In recent reports on cell recovery after sonoporation, membrane protrusions (blebs) and patches were observed at sites where the perforation had been resealed, with the bleb volume positively correlate with the diameter of the cavitating microbubbles (Leow et al. 2015). Moreover, blebs disappeared in dead cells when membrane resealing was inhibited via extracellular Ca²⁺ chelation, indicating that intracellular vesicle trafficking and blebs are related to the resealing and recovery of sonoporated cells (Leow et al. 2015; Jia et al. 2018a and 2018b). To our knowledge, blebs manifest mainly during physiologic cellular activities, such as cytokinesis, cell spreading and migration, or when cells are wounded by laser ablation (Kelly et al. 2009; Taneja and Burnette 2019), mechanical stimulation (e.g., micropipette aspiration) (Jimenez et al. 2014) or pore-forming toxins (PFTs) (Mesquita et al. 2017). However, very few studies have investigated the characteristics and functions of blebs in cells perforated by ultrasound-driven microbubbles.

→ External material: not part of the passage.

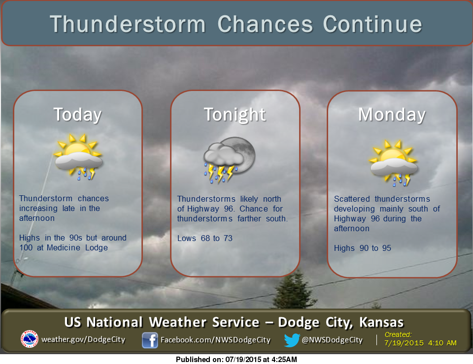 Monday: A 50 percent chance of showers and thunderstorms, mainly before noon. Partly sunny, with a high near 91. Calm wind becoming west northwest around 6 mph in the morning.
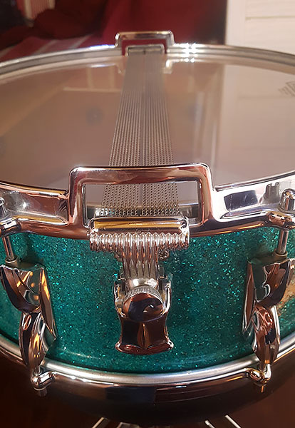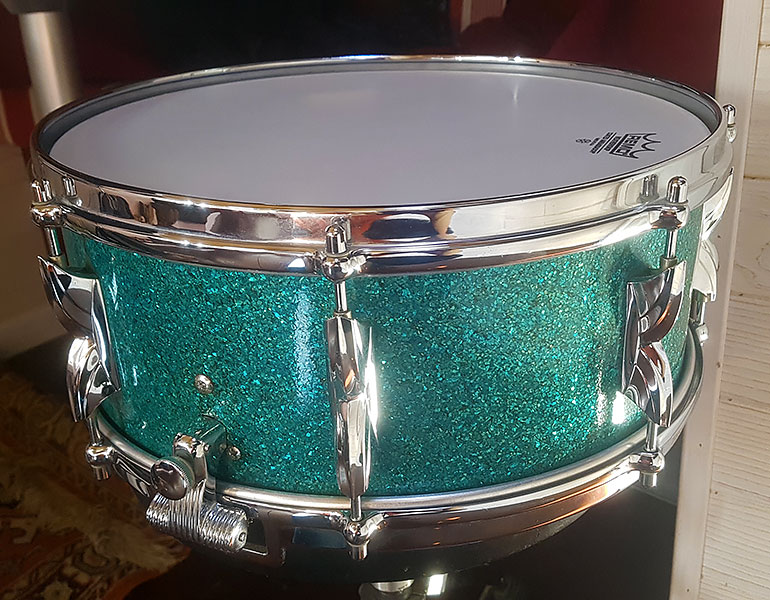 Une caisse claire Royale-Ace 14x5,5 couleur Aquamarine. Probablement de 1967 ou 1968, période transitoire, avec la nouvelle génération de coquilles mais l’ancien badge et design de déclencheur parallèle.

Blebs of cells are driven by hydrostatic pressure generated by a contraction of the cortical actomyosin, which originates from the detachment of plasma membrane from the actin cortex. In general, two types of blebs (small dynamic and larger stable blebs) are found to be related to the fate of wounded cells (Charras 2008; Aoki et al. 2016). Dynamic blebbing, which comprises nucleation, growth, pausing and retraction phases, is closely linked to “healthy” cells and represents a cell's attempt to escape death (Charras and Paluch 2008; Idone et al. 2008; Jimenez et al. 2014). On the other hand, larger, stable blebs appear during cell necrosis (Barros et al. 2003). Mechanical-sensitive organelles were found to be involved in the blebbing behavior. For example, blebs originate from the delamination of the cell membrane from the cortex actin or fracture of the cortex actin, and then retract, driven by myosin II, after the actin cytoskeleton reassembled with the cell membrane (Charras et al. 2005, 2006, 2008; Paluch and Raz 2013). The cavitating microbubbles affect not only plasma membrane, but also submembrane structures. Our group also found that the actin cytoskeleton was disrupted on sonoporation by collapsing microbubbles (Jia 2018a, 2018b), further suggesting that the disrupted actin cytoskeleton at the perforation site may nucleate localized blebs. Moreover, a previous study found that dynamic blebs represent the mechanically wounded cells’ attempt to escape death (Babiychuk et al. 2011). However, the specific role of blebbing in the sonoporated cells still remains unclear. On the basis of these observations, we hypothesize that dynamic blebbing may be involved in the recovery of the sonoporated cells. To test this hypothesis, the aim of the present study was to determine the spatiotemporal dynamics of and mechanism underlying blebs in sonoporated cells and its relationship with reversible sonoporation by ultrasound-driven microbubbles.

We established an experimental platform for ultrasound exposure and real-time microscopic imaging at the single-cell level. Localized membrane perforation was induced by a single cavitating microbubble and different fluorescence probes were used to visualize membrane perforation, activities of the lipid components and spatiotemporal changes of lysosomes and the actin cytoskeleton. We then statistically determined the spatiotemporal relationship between blebs and the sonoporated cell and the underlying mechanism responsible for the spatiotemporal dynamics of bleb.